I'm getting trouble with my HBase as the following error appears more
and more often (each 2 to 15 mins on each node):
2012-06-25 10:25:30,646 WARN
org.apache.hadoop.hdfs.server.datanode.DataNode:
DatanodeRegistration(10.120.0.5:50010,
storageID=DS-1339564791-127.0.0.1-50010-1296151113818, infoPort=50075,
ipcPort=50020):Got exception while serving
blk_4839251368515801234_555101 to /10.120.0.5:
java.net.SocketTimeoutException: 480000 millis timeout while waiting for
channel to be ready for write. ch :
java.nio.channels.SocketChannel[connected local=/10.120.0.5:50010
remote=/10.120.0.5:42564]
at
org.apache.hadoop.net.SocketIOWithTimeout.waitForIO(SocketIOWithTimeout.java:246)
at
org.apache.hadoop.net.SocketOutputStream.waitForWritable(SocketOutputStream.java:159)
at
org.apache.hadoop.net.SocketOutputStream.transferToFully(SocketOutputStream.java:198)
at
org.apache.hadoop.hdfs.server.datanode.BlockSender.sendChunks(BlockSender.java:397)
at
org.apache.hadoop.hdfs.server.datanode.BlockSender.sendBlock(BlockSender.java:493)
at
org.apache.hadoop.hdfs.server.datanode.DataXceiver.readBlock(DataXceiver.java:267)
at
org.apache.hadoop.hdfs.server.datanode.DataXceiver.run(DataXceiver.java:163)

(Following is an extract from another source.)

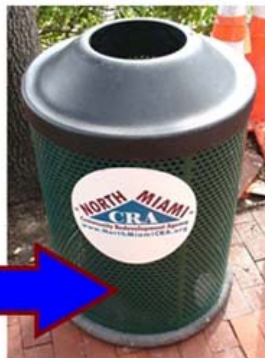
Helping in the effort to keep North Miami clean

Litter along commercial streets and sidewalks gives a negative impression and can greatly affect the economic development of an area. In North Miami matters were made worse by unsightly litter containers with cracked lids and an old design. In 2005-06 the CRA funded the purchase and installation of 53 modern, colorful trash cans

2012-06-25 10:25:30,646 ERROR
org.apache.hadoop.hdfs.server.datanode.DataNode:
DatanodeRegistration(10.120.0.5:50010,
storageID=DS-1339564791-127.0.0.1-50010-1296151113818, infoPort=50075,
ipcPort=50020):DataXceiver
java.net.SocketTimeoutException: 480000 millis timeout while waiting for
channel to be ready for write. ch :
java.nio.channels.SocketChannel[connected local=/10.120.0.5:50010
remote=/10.120.0.5:42564]
at
org.apache.hadoop.net.SocketIOWithTimeout.waitForIO(SocketIOWithTimeout.java:246)
at
org.apache.hadoop.net.SocketOutputStream.waitForWritable(SocketOutputStream.java:159)
at
org.apache.hadoop.net.SocketOutputStream.transferToFully(SocketOutputStream.java:198)
at
org.apache.hadoop.hdfs.server.datanode.BlockSender.sendChunks(BlockSender.java:397)
at
org.apache.hadoop.hdfs.server.datanode.BlockSender.sendBlock(BlockSender.java:493)
at
org.apache.hadoop.hdfs.server.datanode.DataXceiver.readBlock(DataXceiver.java:267)
at
org.apache.hadoop.hdfs.server.datanode.DataXceiver.run(DataXceiver.java:163)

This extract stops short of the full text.